Required work:
Output exactly, and only, the lines below from the one with "Experience dentist-level cleaning" down to the one with "Кухонная зона оснащена". Include both end lines and no pictures.

(Records shown Opens)

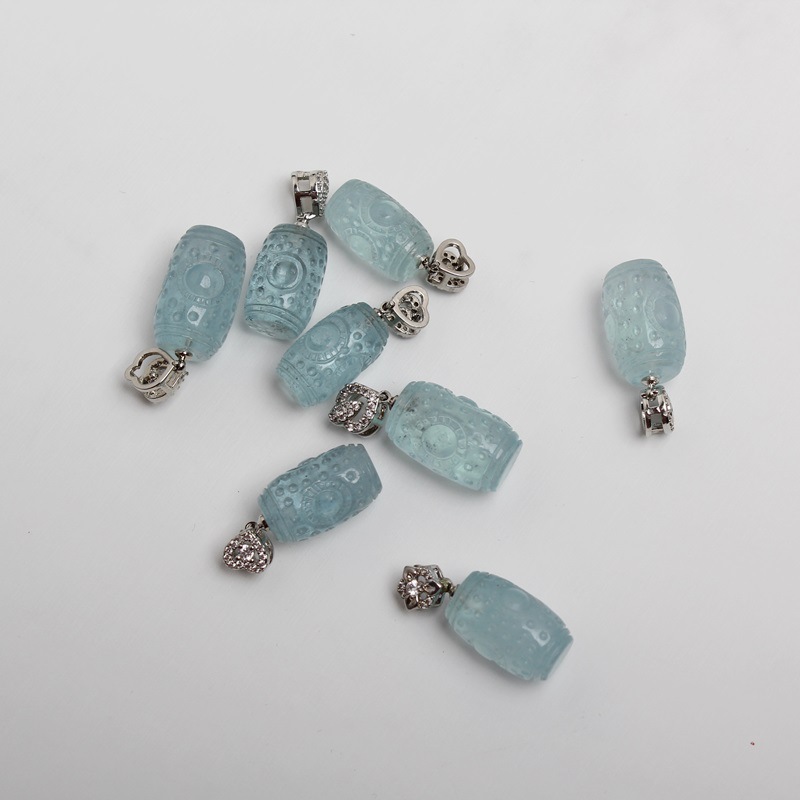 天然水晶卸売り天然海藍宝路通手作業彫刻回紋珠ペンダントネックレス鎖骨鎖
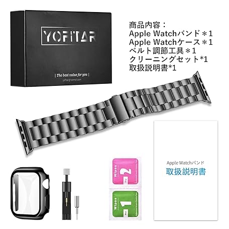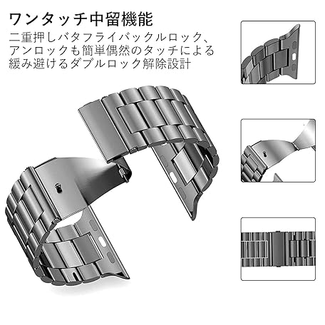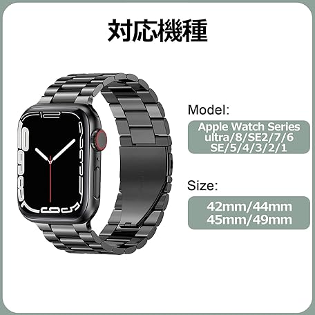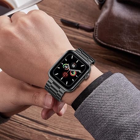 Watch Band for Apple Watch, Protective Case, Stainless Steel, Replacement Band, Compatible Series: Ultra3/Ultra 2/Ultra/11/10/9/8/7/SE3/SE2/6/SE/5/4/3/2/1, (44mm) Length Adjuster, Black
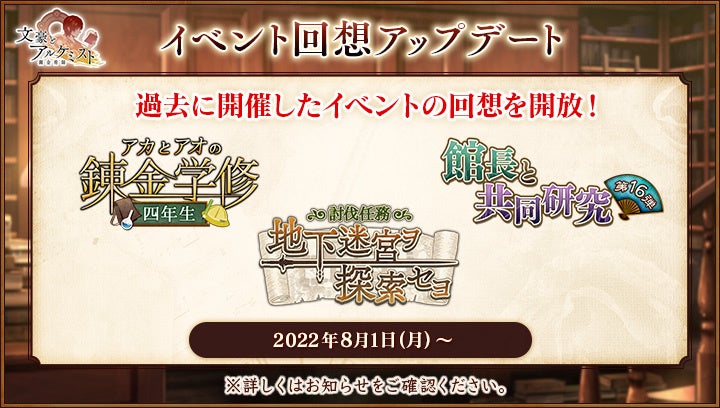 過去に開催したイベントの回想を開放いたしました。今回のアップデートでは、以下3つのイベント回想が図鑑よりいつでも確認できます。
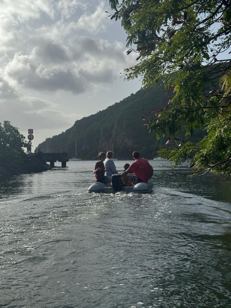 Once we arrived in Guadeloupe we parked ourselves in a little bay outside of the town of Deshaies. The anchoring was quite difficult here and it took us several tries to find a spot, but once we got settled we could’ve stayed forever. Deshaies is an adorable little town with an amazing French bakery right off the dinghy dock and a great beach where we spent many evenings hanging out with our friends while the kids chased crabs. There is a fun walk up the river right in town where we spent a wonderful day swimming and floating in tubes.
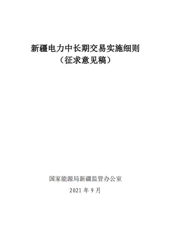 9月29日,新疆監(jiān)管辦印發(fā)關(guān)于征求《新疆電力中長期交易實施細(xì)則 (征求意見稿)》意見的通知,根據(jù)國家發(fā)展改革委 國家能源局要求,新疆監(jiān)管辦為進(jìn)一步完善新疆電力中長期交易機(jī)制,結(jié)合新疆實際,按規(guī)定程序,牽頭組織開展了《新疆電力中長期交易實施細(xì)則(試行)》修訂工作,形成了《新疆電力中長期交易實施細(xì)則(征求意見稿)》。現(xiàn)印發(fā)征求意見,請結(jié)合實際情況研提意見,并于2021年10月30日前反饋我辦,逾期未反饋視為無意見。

(Records shown Closes)
(Records shown Opens)

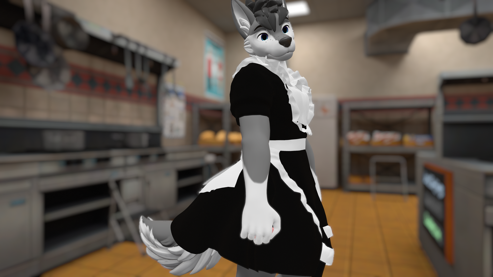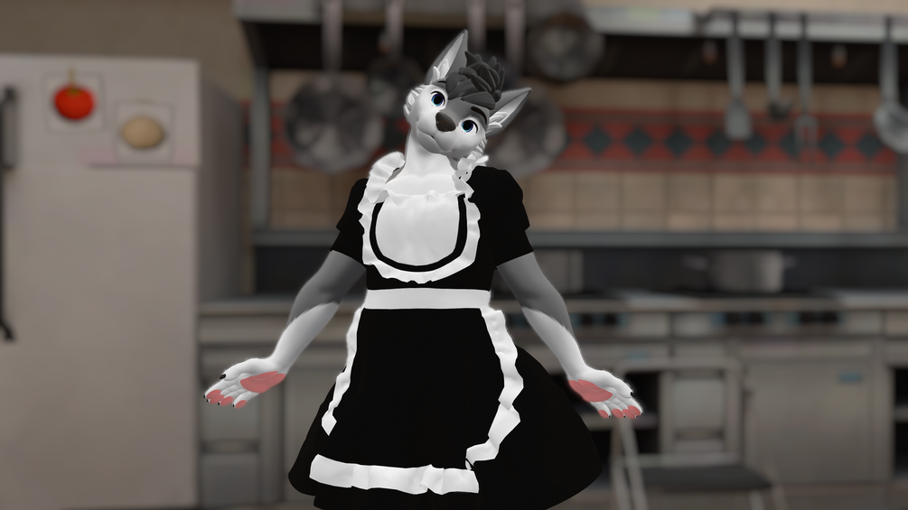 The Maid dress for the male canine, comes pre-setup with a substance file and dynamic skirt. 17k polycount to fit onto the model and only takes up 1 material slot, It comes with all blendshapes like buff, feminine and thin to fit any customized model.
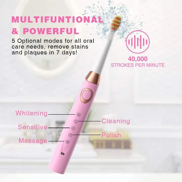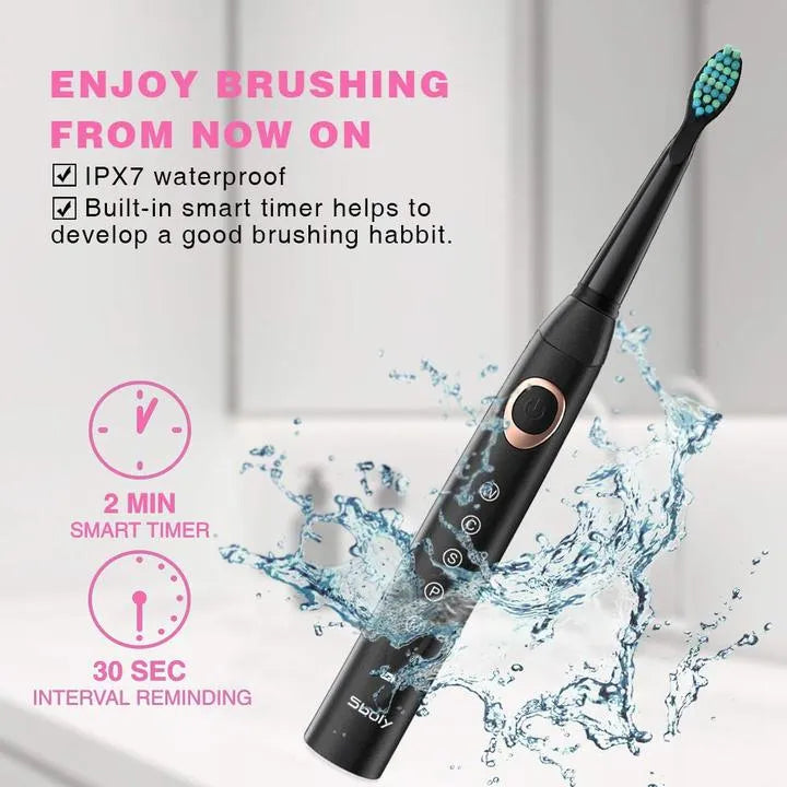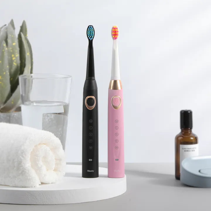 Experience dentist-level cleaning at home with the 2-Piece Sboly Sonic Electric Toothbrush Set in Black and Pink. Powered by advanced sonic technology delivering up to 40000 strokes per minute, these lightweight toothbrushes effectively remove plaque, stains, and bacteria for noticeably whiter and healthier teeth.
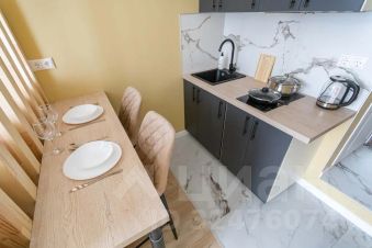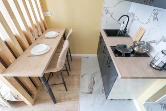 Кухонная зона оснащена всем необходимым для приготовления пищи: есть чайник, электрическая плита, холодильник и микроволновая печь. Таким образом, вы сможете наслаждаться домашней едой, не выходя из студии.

(Records shown Closes)

Response to the task:
 Experience dentist-level cleaning at home with the 2-Piece Sboly Sonic Electric Toothbrush Set in Black and Pink. Powered by advanced sonic technology delivering up to 40000 strokes per minute, these lightweight toothbrushes effectively remove plaque, stains, and bacteria for noticeably whiter and healthier teeth.
 Кухонная зона оснащена всем необходимым для приготовления пищи: есть чайник, электрическая плита, холодильник и микроволновая печь. Таким образом, вы сможете наслаждаться домашней едой, не выходя из студии.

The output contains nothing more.